> _ASSIGNMENT_
The material below holds the lines to copy: from the one with "Установлена зависимость квантовых" up to and including the one with "ШРУС внутренний левый". Copy them exactly and skip the pictures.

> _PROVIDED DATA_
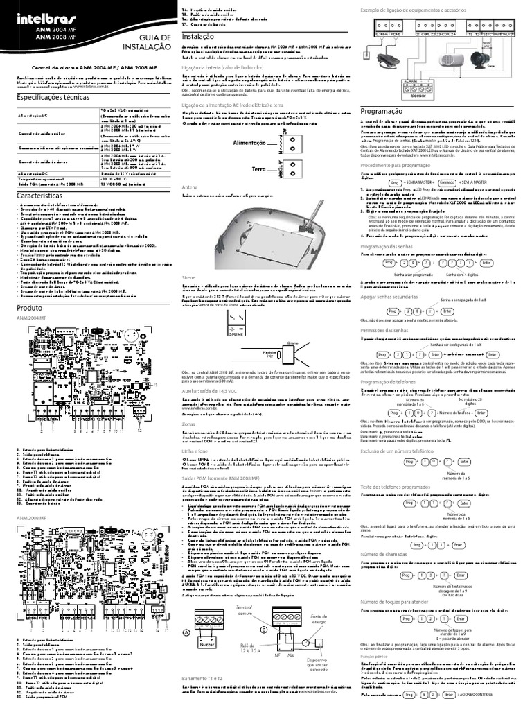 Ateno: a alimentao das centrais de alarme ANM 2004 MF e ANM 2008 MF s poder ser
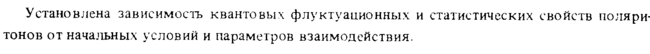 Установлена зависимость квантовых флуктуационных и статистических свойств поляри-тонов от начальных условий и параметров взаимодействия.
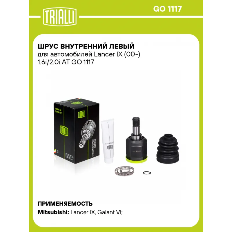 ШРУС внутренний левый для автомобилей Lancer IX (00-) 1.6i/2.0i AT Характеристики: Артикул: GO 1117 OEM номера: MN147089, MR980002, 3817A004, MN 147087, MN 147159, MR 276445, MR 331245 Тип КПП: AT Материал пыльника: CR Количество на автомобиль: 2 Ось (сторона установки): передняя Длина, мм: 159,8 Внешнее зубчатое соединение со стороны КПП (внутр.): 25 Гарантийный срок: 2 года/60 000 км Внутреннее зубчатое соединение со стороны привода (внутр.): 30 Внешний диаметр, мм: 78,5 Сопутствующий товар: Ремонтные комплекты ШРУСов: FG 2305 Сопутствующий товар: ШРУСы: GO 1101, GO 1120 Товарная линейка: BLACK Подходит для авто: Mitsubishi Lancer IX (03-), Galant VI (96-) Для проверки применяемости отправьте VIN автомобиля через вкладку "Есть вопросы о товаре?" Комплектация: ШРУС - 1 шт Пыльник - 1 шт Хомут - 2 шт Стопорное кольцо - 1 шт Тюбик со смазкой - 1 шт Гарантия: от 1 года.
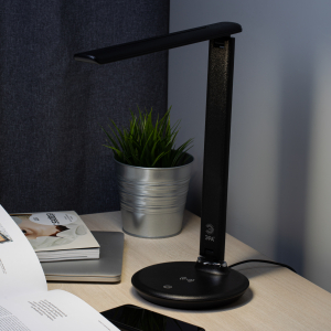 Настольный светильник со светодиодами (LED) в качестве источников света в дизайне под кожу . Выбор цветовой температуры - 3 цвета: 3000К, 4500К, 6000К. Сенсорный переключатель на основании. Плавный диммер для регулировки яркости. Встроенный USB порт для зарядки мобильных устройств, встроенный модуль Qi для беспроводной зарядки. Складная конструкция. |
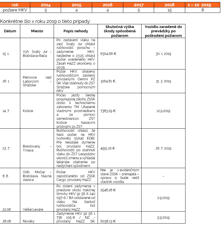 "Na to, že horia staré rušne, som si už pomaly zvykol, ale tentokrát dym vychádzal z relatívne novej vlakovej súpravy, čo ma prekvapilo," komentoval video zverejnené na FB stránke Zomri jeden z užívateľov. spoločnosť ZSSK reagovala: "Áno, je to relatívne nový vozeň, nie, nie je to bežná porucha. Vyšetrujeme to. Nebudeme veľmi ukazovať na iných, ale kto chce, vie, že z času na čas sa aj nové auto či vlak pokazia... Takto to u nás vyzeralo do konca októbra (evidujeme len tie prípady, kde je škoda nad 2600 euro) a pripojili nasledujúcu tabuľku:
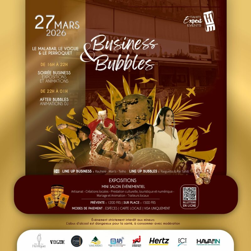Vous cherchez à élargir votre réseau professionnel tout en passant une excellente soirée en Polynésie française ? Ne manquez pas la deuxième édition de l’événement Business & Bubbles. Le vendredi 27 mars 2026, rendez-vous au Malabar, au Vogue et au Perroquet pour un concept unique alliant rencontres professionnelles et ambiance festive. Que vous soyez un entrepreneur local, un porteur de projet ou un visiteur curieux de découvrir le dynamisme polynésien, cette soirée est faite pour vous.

==

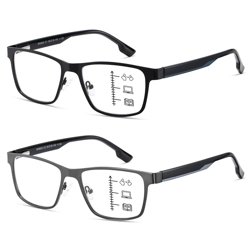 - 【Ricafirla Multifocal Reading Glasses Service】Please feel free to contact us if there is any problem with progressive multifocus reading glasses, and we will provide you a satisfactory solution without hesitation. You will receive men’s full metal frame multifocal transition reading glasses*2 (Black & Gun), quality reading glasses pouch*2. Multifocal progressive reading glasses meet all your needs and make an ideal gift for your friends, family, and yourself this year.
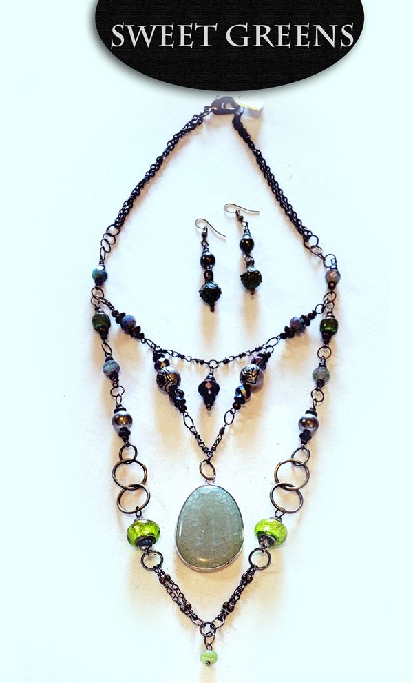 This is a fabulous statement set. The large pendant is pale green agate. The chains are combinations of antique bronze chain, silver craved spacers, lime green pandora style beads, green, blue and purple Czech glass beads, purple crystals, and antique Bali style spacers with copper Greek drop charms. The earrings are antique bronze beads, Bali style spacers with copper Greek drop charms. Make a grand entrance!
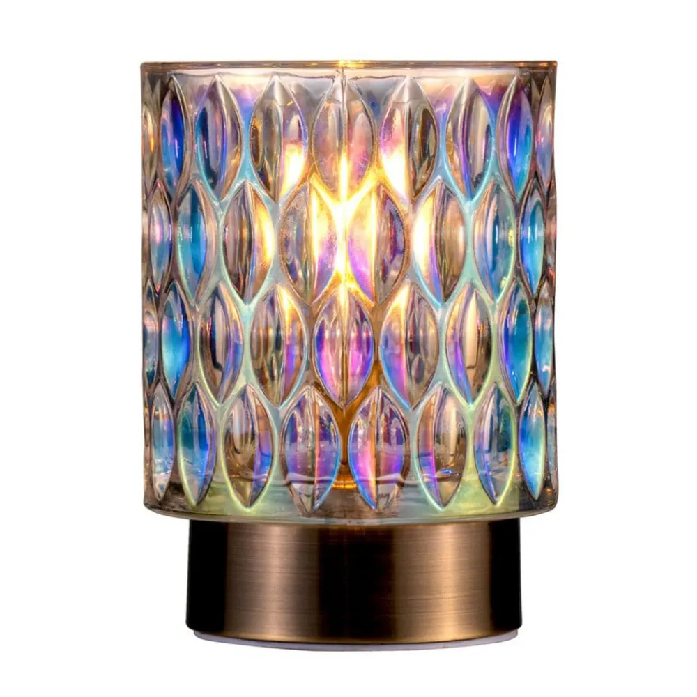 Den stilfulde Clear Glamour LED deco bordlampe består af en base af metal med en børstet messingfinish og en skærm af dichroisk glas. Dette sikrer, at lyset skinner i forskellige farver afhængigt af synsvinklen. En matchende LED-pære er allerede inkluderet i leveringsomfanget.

> _EXERCISE OUTPUT_
 Установлена зависимость квантовых флуктуационных и статистических свойств поляри-тонов от начальных условий и параметров взаимодействия.
 ШРУС внутренний левый для автомобилей Lancer IX (00-) 1.6i/2.0i AT Характеристики: Артикул: GO 1117 OEM номера: MN147089, MR980002, 3817A004, MN 147087, MN 147159, MR 276445, MR 331245 Тип КПП: AT Материал пыльника: CR Количество на автомобиль: 2 Ось (сторона установки): передняя Длина, мм: 159,8 Внешнее зубчатое соединение со стороны КПП (внутр.): 25 Гарантийный срок: 2 года/60 000 км Внутреннее зубчатое соединение со стороны привода (внутр.): 30 Внешний диаметр, мм: 78,5 Сопутствующий товар: Ремонтные комплекты ШРУСов: FG 2305 Сопутствующий товар: ШРУСы: GO 1101, GO 1120 Товарная линейка: BLACK Подходит для авто: Mitsubishi Lancer IX (03-), Galant VI (96-) Для проверки применяемости отправьте VIN автомобиля через вкладку "Есть вопросы о товаре?" Комплектация: ШРУС - 1 шт Пыльник - 1 шт Хомут - 2 шт Стопорное кольцо - 1 шт Тюбик со смазкой - 1 шт Гарантия: от 1 года.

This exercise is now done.